Content starts

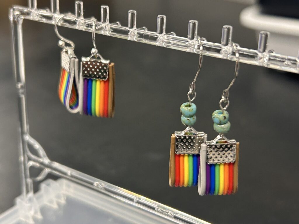 電線を使ったアクセサリーもあります。フラットケーブルのカラフルピアスや
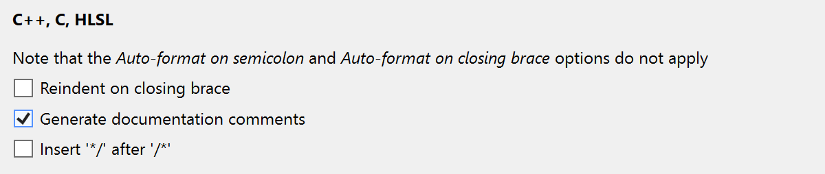 新的输入辅助选项可让您关闭文档注释的生成,避免与 Visual Studio 的内置生成器冲突(ReSharper | Options | Environment | Editor | Behavior | C++, C, HLSL | Generate documentation comments(ReSharper | 选项 | 环境 | 编辑器 | 行为 | C++、C、HLSL | 生成文档注释))。
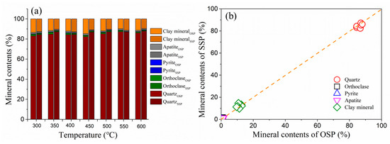 (a) Columnar diagram of mineral contents between two pyrolysis experiments, and (b) Mineral contents comparison between two pyrolysis experiments. Notes: OSP-Open system pyrolysis; SSP- Semi-closed system pyrolysis. Data of semi-closed pyrolysis are cited by Fang et al. [21].
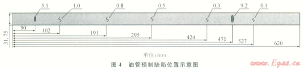 取一根實(shí)際作業(yè)使用過,長度為620mm的連續(xù)油管,利用線切割工藝在油管上預(yù)制了裂縫深度分別為0.1mm、0.3mm、0.5mm、0.8mm、1mm共5個(gè)缺陷(圖4)。
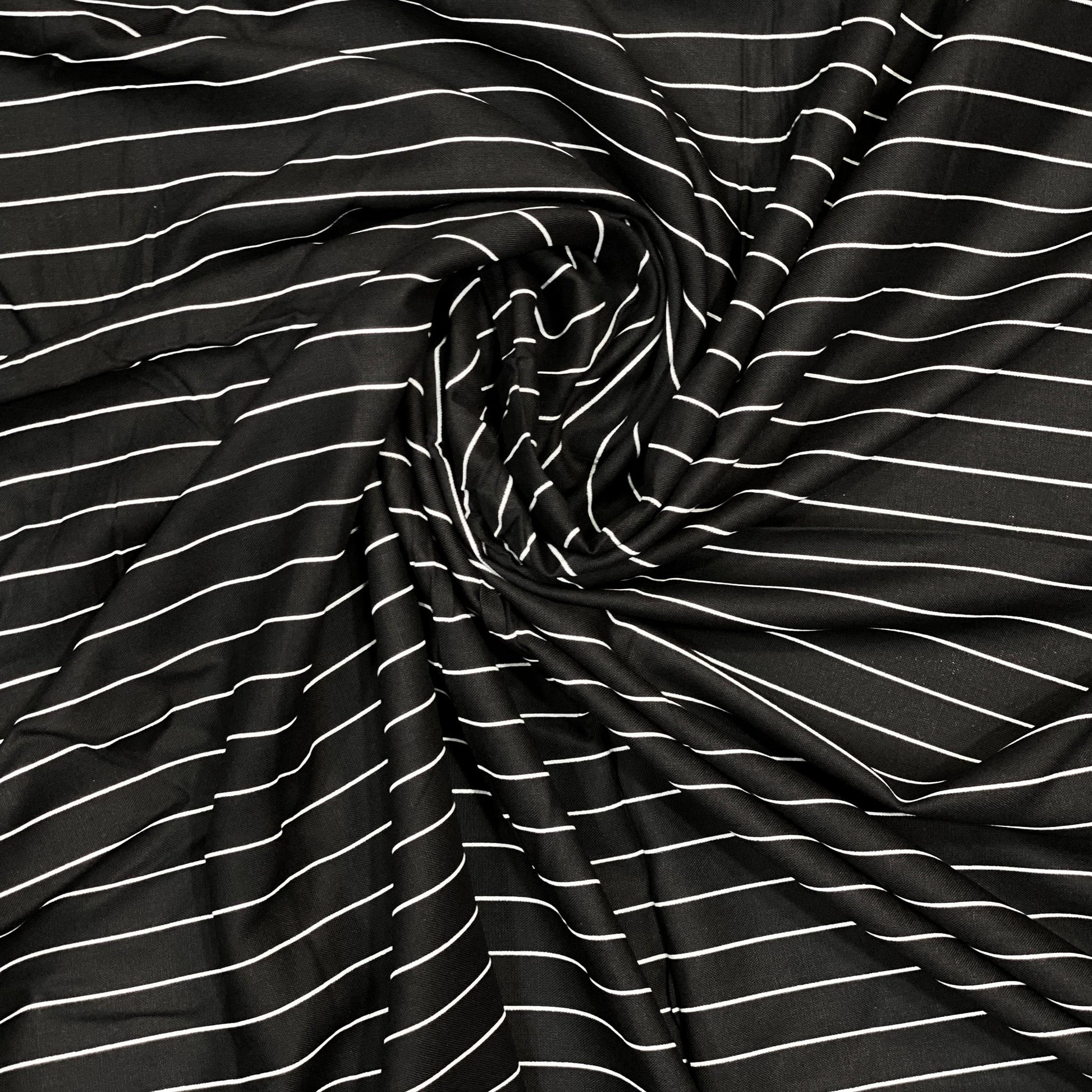 Elegant black and white striped print in softest cotton rayon fabric, perfect for office shirts, palazzos, night suits and more.

Content ends

* ABOUT THIS TASK: Output must match the lines from the start of the records above through the line that contains "新的输入辅助选项可让您关闭文档注释的生成,避免与 Visual Studio", exactly and with every picture removed.

* RESPONSE BOX:
 電線を使ったアクセサリーもあります。フラットケーブルのカラフルピアスや
 新的输入辅助选项可让您关闭文档注释的生成,避免与 Visual Studio 的内置生成器冲突(ReSharper | Options | Environment | Editor | Behavior | C++, C, HLSL | Generate documentation comments(ReSharper | 选项 | 环境 | 编辑器 | 行为 | C++、C、HLSL | 生成文档注释))。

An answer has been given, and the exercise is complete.